Time to split audit from consultancy

This time it’s for real, this time there appears to be sustained political pressure to change the UK audit profession forever.

This time it’s for real, this time there appears to be sustained political pressure to change the UK audit profession forever.

In fact, the time may even have come to split the ‘Big 4’ audit function from consultancy services altogether, says the Business, Energy and Industrial Strategy (BEIS) Select Committee.

It’s ‘Future of Audit’ report endorses the Competition and Markets Authority’s proposed operational split between audit and non-audit, but argues that going further with a complete structural breakup is the only way to tackle conflicts of interest and provide the professional scepticism needed to deliver high-quality audits.

Chair of the BEIS committee Rachel Reeves MP stressed: “If an audit cannot spot a £90m fraud in a £110m-a-year cake shop, you have to ask questions about what use it is at all.”
She felt in many ways audit is a 19th century product trying to adjust to a 21st century global economy. “So, it’s perhaps not surprising that the nature and quality of audit is not what we want or what we need today,” she explained.

Reeves took a swipe at senior management in the Big 4 firms, who prefer to talk about an ‘expectation gap’, and who feel people are expecting too much of audit. Reeves said: “We found not an expectation gap, but serious delivery gaps!” She pointed out that even the
Financial Reporting Council says some 27% of audits are below standard. What other industry, she asked, would survive with this level of quality? A school would have been put in special measures straight away and a supermarket would see customers flocking somewhere else.

The report said that the Big 4 accounted for 97% of the FTSE 350 audits and 99% of the FTSE 100 audits in 201617.

To improve resilience and choice, MPs are recommending a segmented market cap and the use of joint audits, on a pilot basis, for the most complex audits to enable the challenger firms to step up. Audit rotation also needs to move to
seven year nonrenewable terms, with a cooling off period of three years in which non-audit services cannot be offered to a former audit client.

There is a worry that the Big 4 firms are consistently underbidding for audit work. Reeves said across the Big 4 some 37% of audits end up costing significantly more than originally budgeted. In 73% of these cases a higher fee for audit was negotiated. “No wonder it is very difficult for challenger firms to compete on price with the Big 4,” she said. Reeves feels that the Big 4 are both cross-subsidising audit and underpricing in their tender bids. “This is anticompetitive and it must stop,” she said. 

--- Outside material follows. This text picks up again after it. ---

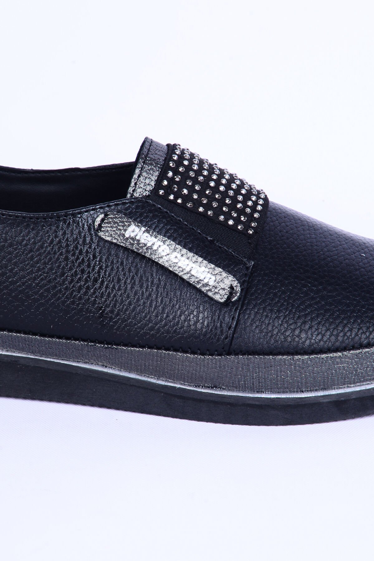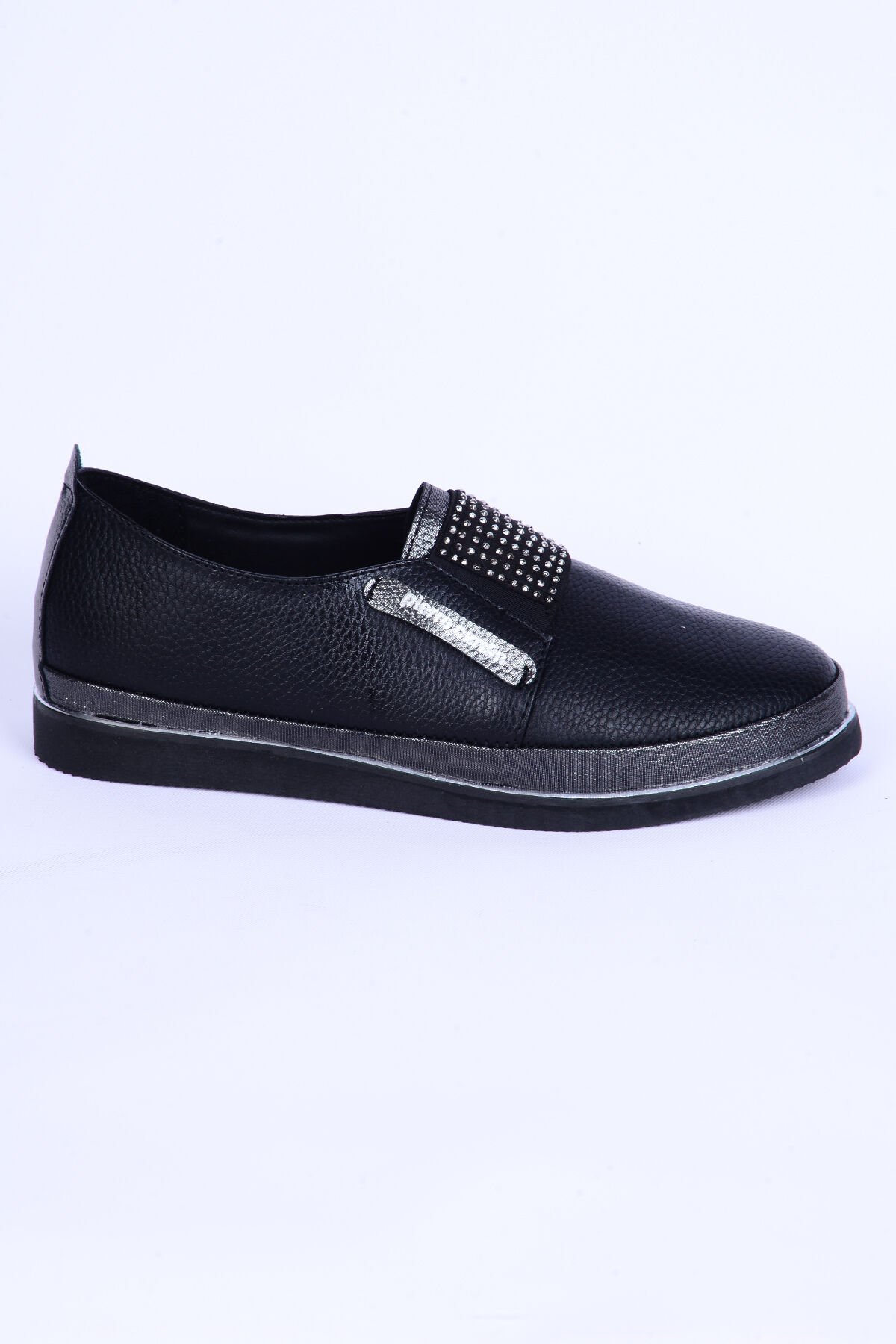 Pierre Cardin 51678 Deri Bağcıksız Taş Detaylı Rahat Otopedik Taban Siyah Günlük Kadın Ayakkabı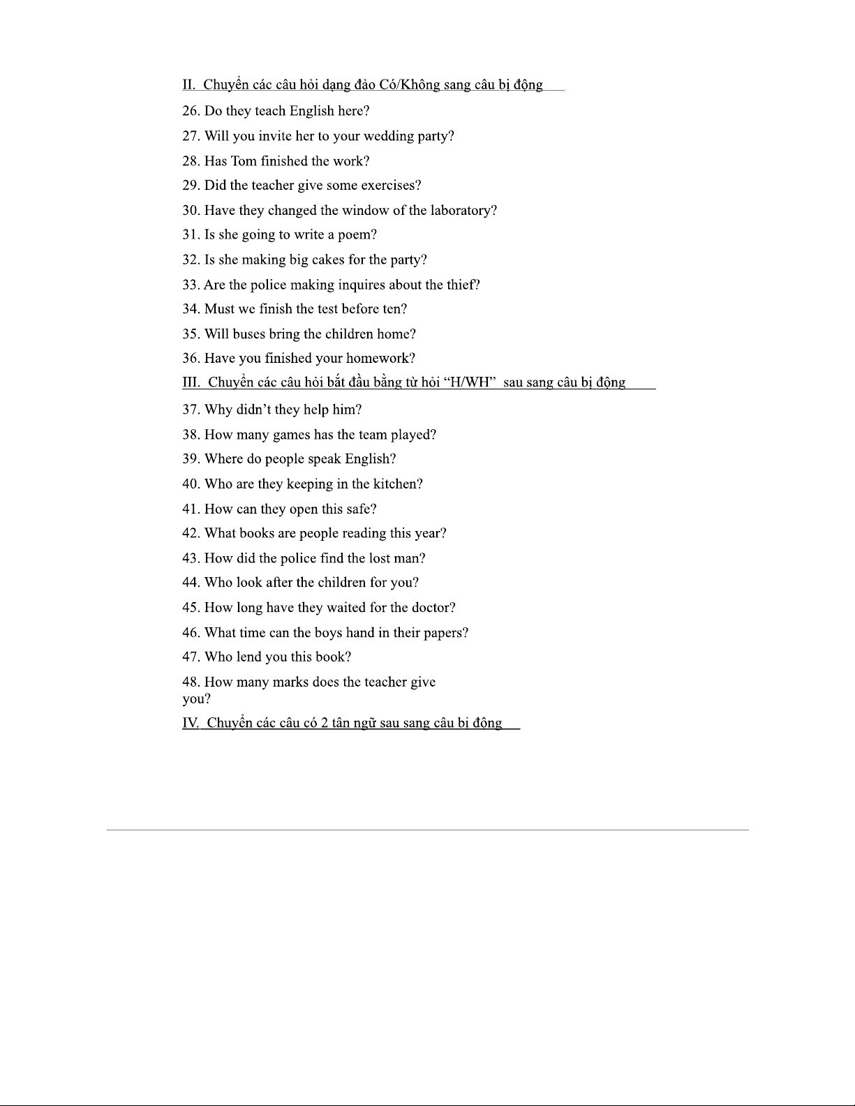 Câu bị động: Chuyển Đổi Sát Nhân & Câu Hỏi - Luyện Tập

Reeves concluded: “Change in the audit market is long overdue. The reviews from the CMA and Kingman highlight the failings; now we need action. The Big 4’s dominance has fostered a precarious market which shuts out challengers and delivers audits which investors and the public cannot rely on.”

She went on: “For the big firms, audits seem too often to be the route to milking the cash-cow of consultancy business…The Big 4 may not like it, they may seek to undermine the case for reform, but vested interests should not be allowed to get in the way of positive change.”

Some firms appear to be trying to get ahead of the curve. It is being reported that both KPMG and BDO are exploring how they could spin off their audit arms. KPMG ‘s audit practice currently has 200 partners and about 5,000 staff. This could become the standalone entity or a subsidiary of KPMG if the plans go ahead.